Motorsport

Formel 1: Mercedes schielt doch noch auf den WM-Titel

Wie groß die Sorgen beim Formel-1-Team von Mercedes vor dem Großen Preis von Belgien am Sonntag (14 Uhr) sind, lässt sich am besten an einem kleinen Fellknäuel ablesen.

„Roscoe“, Lewis Hamiltons Hund, laboriert an einer Lungenentzündung.
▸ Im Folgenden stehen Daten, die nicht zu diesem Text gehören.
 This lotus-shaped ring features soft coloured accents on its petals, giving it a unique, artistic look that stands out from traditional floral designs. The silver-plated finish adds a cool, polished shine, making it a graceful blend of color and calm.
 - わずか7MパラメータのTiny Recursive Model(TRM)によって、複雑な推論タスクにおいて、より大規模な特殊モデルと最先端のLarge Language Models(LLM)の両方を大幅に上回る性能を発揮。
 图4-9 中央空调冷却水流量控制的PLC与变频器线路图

Für eine englische Bulldogge ist das eine durchaus ernsthafte Erkrankung, Tierärzte raten dringend zur Medikamentierung. „Betet für ihn“, flehte Hamilton daher seine Fans an, der kleine Vierbeiner ist ihm im vergangenen halben Jahr spürbar ans Herz gewachsen.
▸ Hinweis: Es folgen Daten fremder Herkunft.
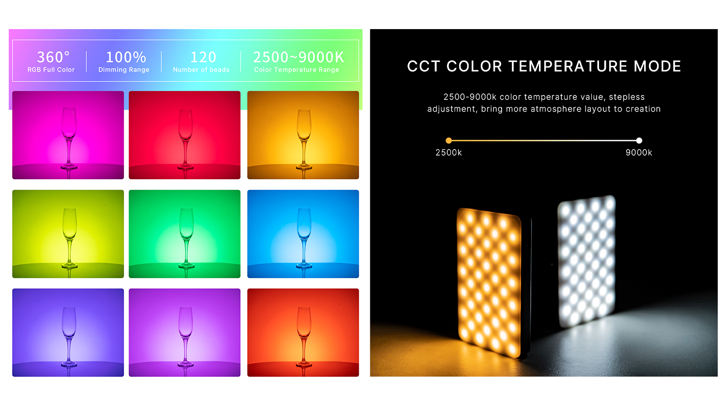 Color Temperature Adjustment: Adjustable from 2500K (warm) to 9000K (cool) for accurate lighting control in various shooting environments.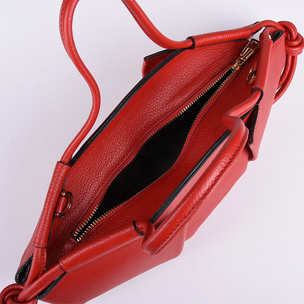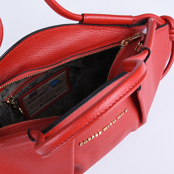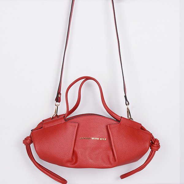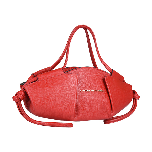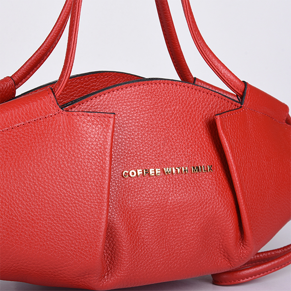 Coffee With Milk elegantna ženska torba neobičnog dizajna kao upečatljiv aksesoar sa jedinstvenim naborima i kožnim detaljima. Spoljašnošću dominira neobična geometrijska forma. Unutrašnjost je postavljena finim, glatkim materijalom i poseduje jedan unutrašnji skriveni džep obezbeđen metalnim cibzarom. Torba se zatvara pri vrhu kvalitetnim metalnim cibzarom, a dodatno poseduje i podesivi, zamenjivi kožni kaiš za nošenje preko ramena.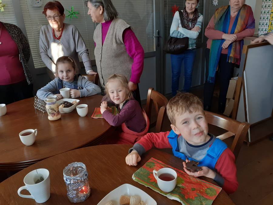 W grudniu TROPICIELE odwiedziły supraski Klub SENIORA. Dzieci przekazały świąteczne kartki z życzeniami wykonane przez wszystkie przedszkolaki w ramach "Tygodnia Życzliwości". Podczas spotkania dzieci wspólnie z Seniorkami zaśpiewały kolędy oraz zatańczyły świąteczny taniec. W miłej i ciepłej atmosferze wypiły herbatkę świętując równocześnie "Dzień Herbaty". Panie Seniorki przygotowały też słodki poczęstunek, a oprócz tego, każde dziecko otrzymało mały mikołajkowy upominek. Dziękujemy z całego serca Paniom Seniorkom,dzięki tej ciepłej atmosferze nasze dzieciaczki poczuły prawdziwą magię Świąt...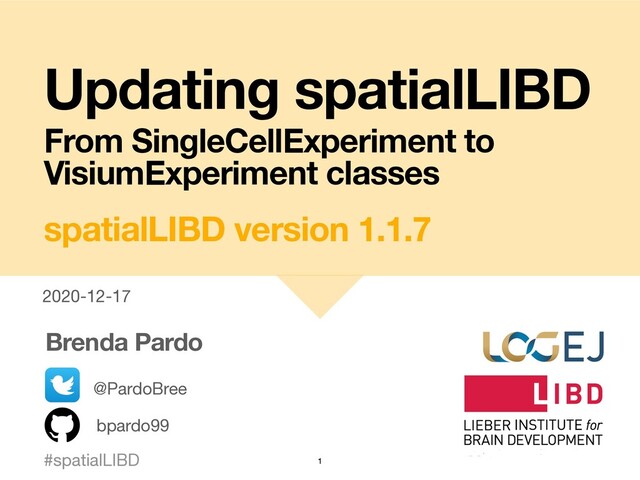 and Dario Righelli • To move spatialLIBD graphical functions to new package. • Update spatialLIBD based on the new version of the SpatialExperiment package. • Application note about spatialLIBD. Future directions of spatialLIBD 10

Das war es dann aber auch mit der Problemliste beim Sterne-Team. So kurz wie derzeit war sie seit dem Wiedereinstieg in die Formel 1 2010 noch nie. Der Rennstall, der in den vergangenen drei Jahren von Enttäuschung zu Enttäuschung fuhr, erlebt mit drei Saisonsiegen und zuletzt fünf Polepositions in Folge zurzeit den steilsten Aufschwung aller Formel-1-Teams. „In der ersten Saisonhälfte haben wir die Erwartungen übertroffen. Wir haben ein starkes Allroundpaket und sind von unserem Sieg in Ungarn beflügelt“, sagt Motorsportchef Toto Wolff zuversichtlich: „Auf dem Papier sollte die Strecke in Spa unserem Auto liegen. Nico (Rosberg – d.R.) und Lewis werden auf einer echten Fahrerstrecke in ihrem Element sein.“

Während die Dienstreise in die Ardennen im Vorjahr noch überlagert wurde von den Feierlichkeiten anlässlich Michael Schumachers 300. Rennen, dominiert diesmal die Aussicht auf wenigstens einen Weltmeistertitel. Zwar wiegelt Niki Lauda, der Vorsitzende des Aufsichtsgremiums beim Formel-1-Team ab: Auf dem Papier sei eine Chance auf den Konstrukteurstitel vorhanden, „in der Realität wird es jedoch sehr schwierig“. Mit 69 Punkten Vorsprung scheint Red Bull der Konkurrenz auch in diesem Jahr enteilt. Die nächsten beiden Rennen in Belgien und Italien mit ihren langen Hochgeschwindigkeitspassagen kämen den aerodynamisch modifizierten Silberpfeilen jedoch entgegen. „Diese Rennen werden entscheidend sein“, glaubt Lauda. „Wir stehen auf dem Gas“, gab Wolff den Mitarbeitern mit auf den Weg. Vettel darf das getrost als Kampfansage verstehen.